The following example shows a three-level partition design where the sales table is partitioned by year, then month, then region. The SUBPARTITION TEMPLATE clauses ensure that each yearly partition has the same subpartition structure. The example declares a DEFAULT partition at each level of the hierarchy.

CREATE TABLE p3_sales (id int, year int, month int, day int,
region text)
DISTRIBUTED BY (id)
PARTITION BY RANGE (year)
    SUBPARTITION BY RANGE (month)
      SUBPARTITION TEMPLATE (
        START (1) END (13) EVERY (1),
        DEFAULT SUBPARTITION other_months )
           SUBPARTITION BY LIST (region)
             SUBPARTITION TEMPLATE (
               SUBPARTITION usa VALUES ('usa'),
               SUBPARTITION europe VALUES ('europe'),
               SUBPARTITION asia VALUES ('asia'),
               DEFAULT SUBPARTITION other_regions )
( START (2002) END (2012) EVERY (1),
  DEFAULT PARTITION outlying_years );

CAUTION:

When you create multi-level partitions on ranges, it is easy to create a large number of subpartitions, some containing little or no data.
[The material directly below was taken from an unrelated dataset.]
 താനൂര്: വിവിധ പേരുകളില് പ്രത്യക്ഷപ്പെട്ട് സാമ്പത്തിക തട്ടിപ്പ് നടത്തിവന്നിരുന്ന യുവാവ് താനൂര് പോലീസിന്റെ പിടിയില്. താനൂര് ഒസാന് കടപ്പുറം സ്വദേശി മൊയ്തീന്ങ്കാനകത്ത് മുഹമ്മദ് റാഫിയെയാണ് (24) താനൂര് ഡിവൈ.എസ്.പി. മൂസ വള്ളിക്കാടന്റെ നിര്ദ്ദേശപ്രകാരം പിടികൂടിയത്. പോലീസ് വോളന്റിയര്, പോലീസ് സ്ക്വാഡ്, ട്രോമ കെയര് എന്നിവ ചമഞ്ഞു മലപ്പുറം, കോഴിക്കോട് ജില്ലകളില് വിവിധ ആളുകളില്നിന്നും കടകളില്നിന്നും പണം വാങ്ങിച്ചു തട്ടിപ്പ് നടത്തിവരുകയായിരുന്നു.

This can add many entries to the system tables, which increases the time and memory required to optimize and execute queries. Increase the range interval or choose a different partitioning strategy to reduce the number of subpartitions created.

Partitioning an Existing Table

Tables can be partitioned only at creation. If you have a table that you want to partition, you must create a partitioned table, load the data from the original table into the new table, drop the original table, and rename the partitioned table with the original table’s name. You must also re-grant any table permissions. For example:

CREATE TABLE sales2 (LIKE sales)
PARTITION BY RANGE (date)
( START (date '2008-01-01') INCLUSIVE
   END (date '2009-01-01') EXCLUSIVE
   EVERY (INTERVAL '1 month') );
INSERT INTO sales2 SELECT * FROM sales;
DROP TABLE sales;
ALTER TABLE sales2 RENAME TO sales;
GRANT ALL PRIVILEGES ON sales TO admin;
GRANT SELECT ON sales TO guest;

Loading Partitioned Tables

After you create the partitioned table structure, top-level parent tables are empty. Data is routed to the bottom-level child table partitions. In a multi-level partition design, only the subpartitions at the bottom of the hierarchy can contain data.
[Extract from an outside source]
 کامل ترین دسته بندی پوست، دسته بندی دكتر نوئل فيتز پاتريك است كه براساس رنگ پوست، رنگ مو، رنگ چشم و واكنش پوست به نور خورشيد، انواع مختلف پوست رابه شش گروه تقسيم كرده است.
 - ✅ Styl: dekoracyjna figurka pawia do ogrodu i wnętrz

Rows that cannot be mapped to a child table partition are rejected and the load fails. To avoid unmapped rows being rejected at load time, define your partition hierarchy with a DEFAULT partition. Any rows that do not match a partition’s CHECK constraints load into the DEFAULT partition. See Adding a Default Partition.
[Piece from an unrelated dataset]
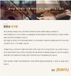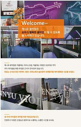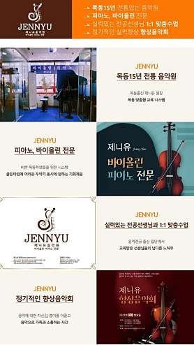 안녕하세요. 목동 목운 초,중학교 앞에 위치한 피아노,바이올린 전문 음악원으로 15년이상 운영해온 전통있는 음악원입니다. 바쁜 아이들에게 주요 두 개의 악기(피아노, 바이올린)을 동시에 접하게 해줌이로써 어떤 악기가 소질이 있고 흥미가 있는지 스스로 선택할 수 있습니다. 1. 제니유 음악원 시스템 1) 목동 15년 전통 음악원-> 목동 출신 원장, 목동 맞춤형 시스템 2)피아노, 바이올린 전문 -> 바쁜 목동 학생들을 위한 시스템 골든 타임에 어려운 두 악기 동시에 기회 제공 3) 실력있는 전공 선생님과 1:1 맟춤 수업 -> 음악 전공 출신 집안에서 자란 남다른 티칭 노하우 4) 정기적인 향상음악회-> 음악에 대한 자신감 향상 , 음악으로 가족 과 소통하는 시간 2.제니유 수업 안내 1)8회 기준 횟수제 수업 -> 당일 수업 취소까지 가능 (횟수 포함되지 않음) , -> 매회 1회 차에 수업 날짜와 함께 공지 2)1:1 맟춤 수업 -> 레슨과 연습 병행 -> 연습 노트를 통한 관리 3) 수업방식 A타입 : 피아노, 바이올린 80분 수업 B타입: 바이올린 60분 수업(바이올린 전공 선생님과 이론 포함) C타입: 피아노 60분 수업(피아노 전공 선생님과 이론 포함) 4)정원제 수업 -> 한타임 3~4명정우너(악기별) ->매주 지정된 시간에 수업(지정된 시간은 상시협의 변동가능) 3. 선생님 소개 1)독일 유학파 선생님 2)피아노 바이올린 선생님 모두 석사 출신 3)음악 교육 대학원 출신 4) 아동심리 자격증 및 정교사 교원 자격증 제니유 음악원은 아이들이 적성과 흥미에 맞는 악기를 선택하여 즐겁게 음악 연주를 할 수 있도록 늘 최선을 다하고 있습니다.

At runtime, the query optimizer scans the entire table inheritance hierarchy and uses the CHECK table constraints to determine which of the child table partitions to scan to satisfy the query’s conditions. The DEFAULT partition (if your hierarchy has one) is always scanned. DEFAULT partitions that contain data slow down the overall scan time.

When you use COPY or INSERT to load data into a parent table, the data is automatically rerouted to the correct partition, just like a regular table.

Best practice for loading data into partitioned tables is to create an intermediate staging table, load it, and then exchange it into your partition design. See Exchanging a Partition.

Verifying Your Partition Strategy

When a table is partitioned based on the query predicate, you can use EXPLAIN to verify that the query optimizer scans only the relevant data to examine the query plan.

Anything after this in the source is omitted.